If we think carefully about the implications of climate change and wars, Fortress Australia is in for some nation-altering changes.  I suggest that the world in on the cusp of an epochal time of human migration.  People are starting to slosh around this globe of ours, and we in Australia are not immune to the consequences.

Consider the world of Asia and Southeast Asia just to our north. What percentage of humanity lives there?  And how many of them eat rice as their staple?  And if the Himalayan glaciers melt, the annual floods will cease, and then what happens to the rice paddies that feed them all?

Or the seas might rise and flood the low-lying coastal plains, or cyclones might flood them before the seas get a chance to do it.  Didn’t Burma just lose a significant percentage of its rice paddies to a cyclone?

And then consider the wars currently raging across the length of the Islamic Crescent.  This stretches from the Atlantic Ocean south of the Mediterranean Sea through the Middle East and on to Indonesia.
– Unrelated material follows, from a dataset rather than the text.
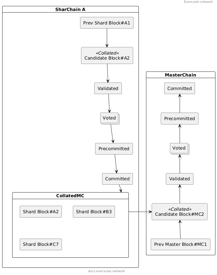 @startuml skinparam componentStyle rectangle header Everscale network footer docs.everscale.network card "SharChain A" { component "Prev Shard Block#A1" as Prev component "Candidate Block#A2" <<Collated>> as Candidate component Validated collections Voted component Precommitted component Committed Prev --> Candidate Candidate --> Validated Validated --> Voted Voted --> Precommitted Precommitted --> Committed Committed --> CollatedMC } card "Collated MC" as CollatedMC { component "Shard Block#A2" as A2 component "Shard Block#B3" as B3 component "Shard Block#C7" as C7 } card "MasterChain" { component "Prev Master Block#MC1" as PrevMC component "Candidate Block#MC2" <<Collated>> as CandidateMC CollatedMC -r-> CandidateMC component Validated as ValidatedMC collections Voted as VotedMC component Precommitted as PrecommittedMC component Committed as CommittedMC PrevMC -u-> CandidateMC CandidateMC -u-> ValidatedMC ValidatedMC -u-> VotedMC VotedMC -u-> PrecommittedMC PrecommittedMC -u-> CommittedMC } @enduml

Wars dispossess.  They destroy water and food sources.  They make people homeless and place them in real and immediate danger of being killed.
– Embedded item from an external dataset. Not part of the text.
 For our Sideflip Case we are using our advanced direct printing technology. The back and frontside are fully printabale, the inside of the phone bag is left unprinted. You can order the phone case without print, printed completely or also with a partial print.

Hungry, homeless and frightened people take to their heels in search of somewhere they too can have a life.  Australia is known to have vast empty spaces and is a magnet to people in dire straits.  Australia holds out the chance of something better than dieing of thirst or starvation.  Or of being killed.

I suggest it is a given that “boat people” have only just begun to arrive.  And what will we do about it?  Send them home to death or nothing?  Ask Indonesia, a nation that I understand is the fourth largest nation in the world in terms of population, to look after them for us?  Or do we get ready to grow?
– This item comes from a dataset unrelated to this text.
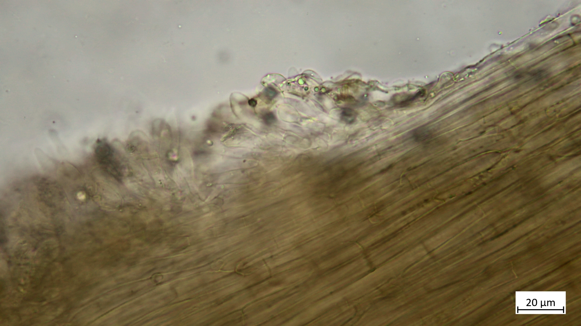Die Hutdeckschicht zeigt sich mit stark inkrustierten Hyphen:
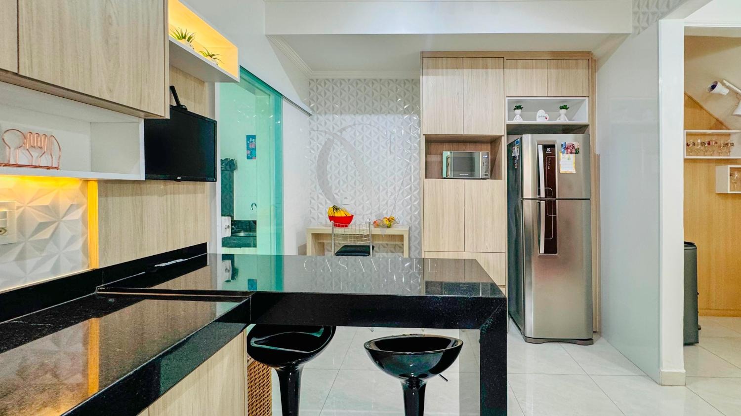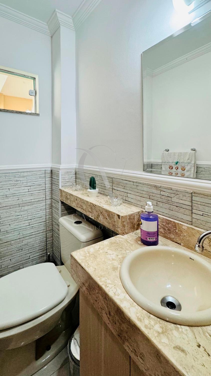 No térreo, a sala de estar e jantar integradas criam um ambiente amplo e convidativo, ideal para momentos de convivência. Um charmoso barzinho adiciona um toque especial, perfeito para reunir amigos e familiares. O piso conta ainda com um lavabo, garantindo praticidade. A cozinha, recém-reformada, possui móveis planejados modernos e funcionais, proporcionando um espaço ideal para suas refeições. Além disso, a área de churrasco é um convite para os momentos de lazer.

If it is to be the latter, an orderly process must be put in place now before we get caught with our pants down and swamped.  We won’t be able to cull them as we seem to be about to do with the feral camels, another population growth for which we have failed to make adequate provision.

And an orderly process includes a processing centre or centres where these “illegal” immigrants can be processed for health and security reasons.

We have started to do that on Christmas Island, but already that facility is bursting at the seams.  We need another processing facility.

So here’s an idea.  Instead of taking the unused dongas to Christmas Island, why not bring the overflow from Christmas Island to the dongas?  Why not build a big (huge?) processing centre right here in the Centre?

3 Responses to “Bring the people to the dongas”

  1. Phil Walcott Says:

    Great perspective, Hal.

    The discussion should be pursued. Do we in Central Australia have the infrastructure in place to cope. Dongas for bush communities? Where is all that up to? Dry communities? Welfare support? Employment? Language? Visas?

    May the discussion continue.

  2. Janet Cruz Says:

    Excellent work. You have gained a new fan. Please keep up the good work and I look forward to more of your interesting posts.

  3. Phil Walcott Says:

    There are some sensational people in Alice Springs and Central Australia who all have great opinions. Robust debate is crucial. We can agree to agree or agree to disagree. Let’s keep the discussion going.